Data supplied:
_____
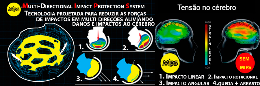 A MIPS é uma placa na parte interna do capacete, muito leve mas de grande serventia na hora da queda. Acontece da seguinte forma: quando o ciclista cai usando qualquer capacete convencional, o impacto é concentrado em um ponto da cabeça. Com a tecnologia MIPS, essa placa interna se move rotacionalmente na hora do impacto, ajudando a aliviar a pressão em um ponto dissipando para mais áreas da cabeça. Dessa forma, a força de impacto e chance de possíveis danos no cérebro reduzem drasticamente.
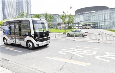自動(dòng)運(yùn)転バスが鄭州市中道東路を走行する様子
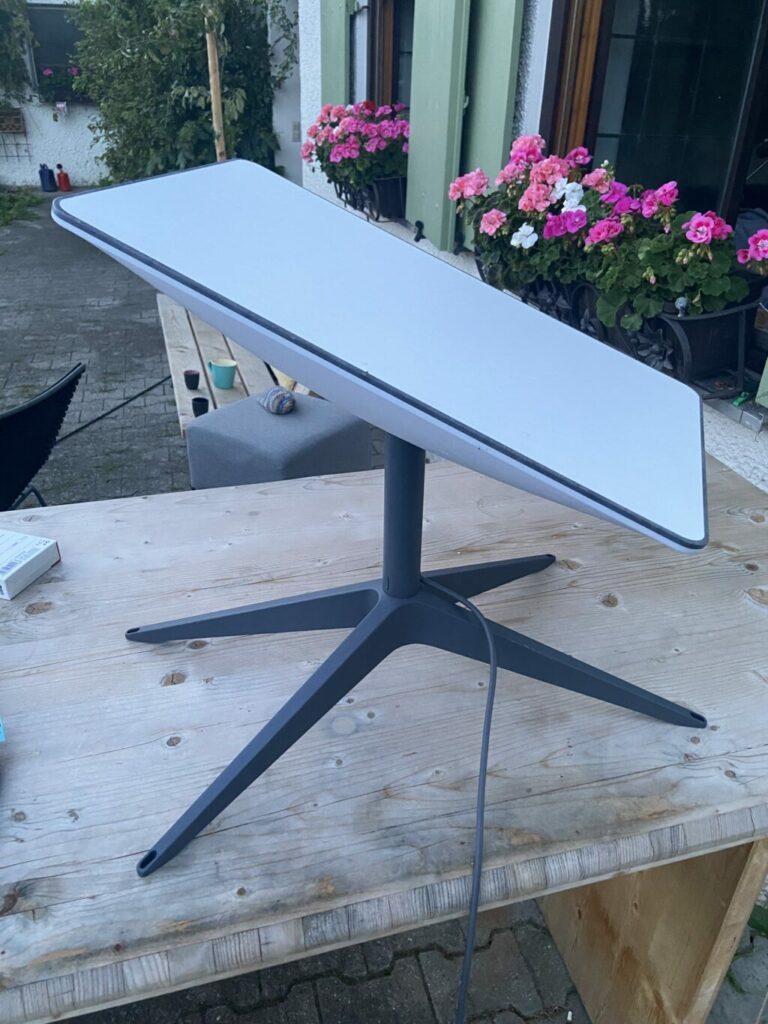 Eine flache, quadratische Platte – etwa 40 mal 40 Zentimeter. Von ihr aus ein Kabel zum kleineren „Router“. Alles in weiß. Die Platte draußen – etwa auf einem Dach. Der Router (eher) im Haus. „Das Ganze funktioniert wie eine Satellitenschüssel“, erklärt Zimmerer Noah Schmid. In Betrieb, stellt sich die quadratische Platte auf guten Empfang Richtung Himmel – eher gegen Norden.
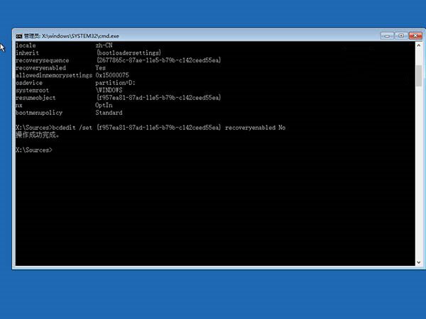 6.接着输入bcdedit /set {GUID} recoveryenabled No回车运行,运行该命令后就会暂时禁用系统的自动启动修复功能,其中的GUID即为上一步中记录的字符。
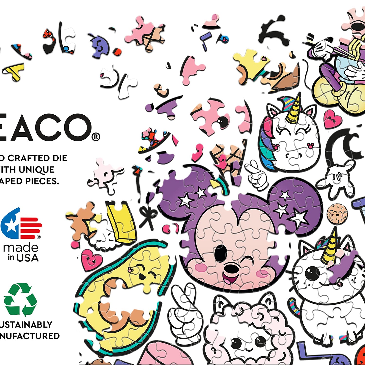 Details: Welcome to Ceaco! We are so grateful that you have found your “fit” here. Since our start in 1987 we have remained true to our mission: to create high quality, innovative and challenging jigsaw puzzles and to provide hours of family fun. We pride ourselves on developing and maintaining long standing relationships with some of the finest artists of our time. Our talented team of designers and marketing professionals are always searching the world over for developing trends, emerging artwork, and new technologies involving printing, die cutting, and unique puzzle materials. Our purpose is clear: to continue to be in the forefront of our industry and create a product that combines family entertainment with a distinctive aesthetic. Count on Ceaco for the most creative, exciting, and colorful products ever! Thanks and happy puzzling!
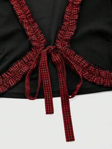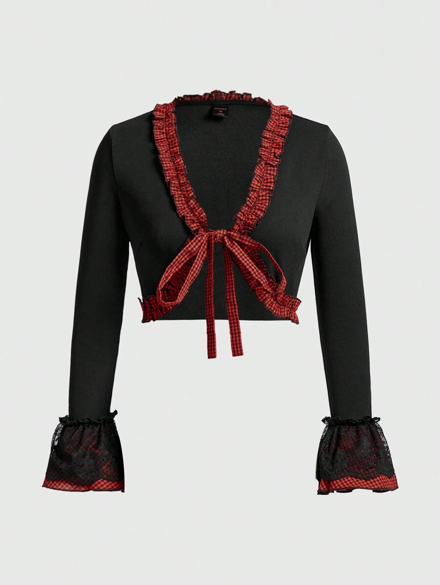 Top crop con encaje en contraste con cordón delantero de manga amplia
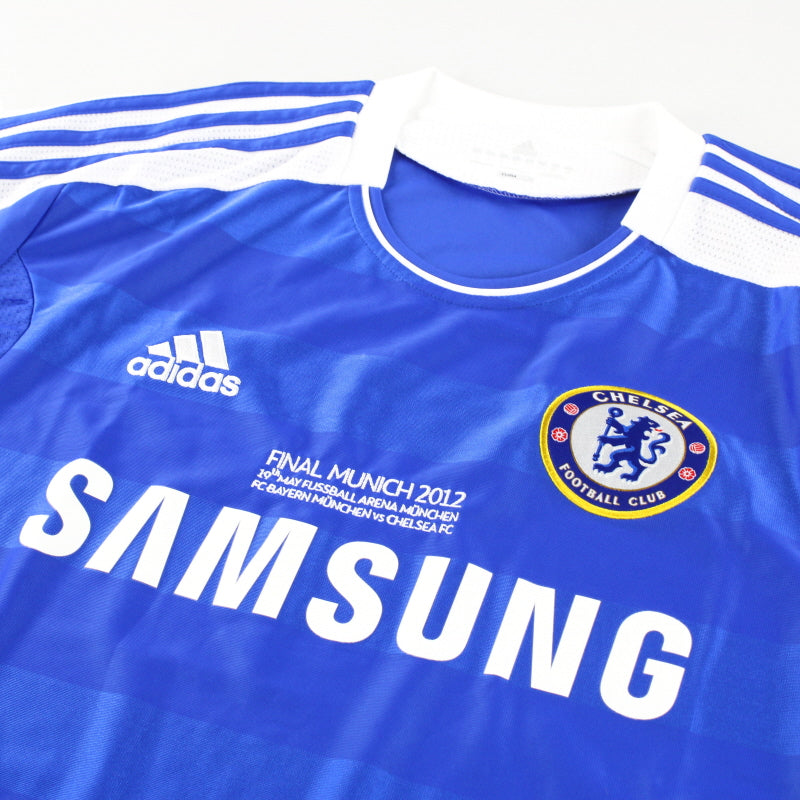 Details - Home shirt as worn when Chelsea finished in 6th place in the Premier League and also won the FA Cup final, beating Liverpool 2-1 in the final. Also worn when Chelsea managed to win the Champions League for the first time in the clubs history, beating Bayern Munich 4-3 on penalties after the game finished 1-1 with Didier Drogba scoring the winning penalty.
_____
Work item: Retype every record above exactly as written, but leave out the pictures.

Solution below:
 A MIPS é uma placa na parte interna do capacete, muito leve mas de grande serventia na hora da queda. Acontece da seguinte forma: quando o ciclista cai usando qualquer capacete convencional, o impacto é concentrado em um ponto da cabeça. Com a tecnologia MIPS, essa placa interna se move rotacionalmente na hora do impacto, ajudando a aliviar a pressão em um ponto dissipando para mais áreas da cabeça. Dessa forma, a força de impacto e chance de possíveis danos no cérebro reduzem drasticamente.
自動(dòng)運(yùn)転バスが鄭州市中道東路を走行する様子
 Eine flache, quadratische Platte – etwa 40 mal 40 Zentimeter. Von ihr aus ein Kabel zum kleineren „Router“. Alles in weiß. Die Platte draußen – etwa auf einem Dach. Der Router (eher) im Haus. „Das Ganze funktioniert wie eine Satellitenschüssel“, erklärt Zimmerer Noah Schmid. In Betrieb, stellt sich die quadratische Platte auf guten Empfang Richtung Himmel – eher gegen Norden.
 6.接着输入bcdedit /set {GUID} recoveryenabled No回车运行,运行该命令后就会暂时禁用系统的自动启动修复功能,其中的GUID即为上一步中记录的字符。
 Details: Welcome to Ceaco! We are so grateful that you have found your “fit” here. Since our start in 1987 we have remained true to our mission: to create high quality, innovative and challenging jigsaw puzzles and to provide hours of family fun. We pride ourselves on developing and maintaining long standing relationships with some of the finest artists of our time. Our talented team of designers and marketing professionals are always searching the world over for developing trends, emerging artwork, and new technologies involving printing, die cutting, and unique puzzle materials. Our purpose is clear: to continue to be in the forefront of our industry and create a product that combines family entertainment with a distinctive aesthetic. Count on Ceaco for the most creative, exciting, and colorful products ever! Thanks and happy puzzling!
 Top crop con encaje en contraste con cordón delantero de manga amplia
 Details - Home shirt as worn when Chelsea finished in 6th place in the Premier League and also won the FA Cup final, beating Liverpool 2-1 in the final. Also worn when Chelsea managed to win the Champions League for the first time in the clubs history, beating Bayern Munich 4-3 on penalties after the game finished 1-1 with Didier Drogba scoring the winning penalty.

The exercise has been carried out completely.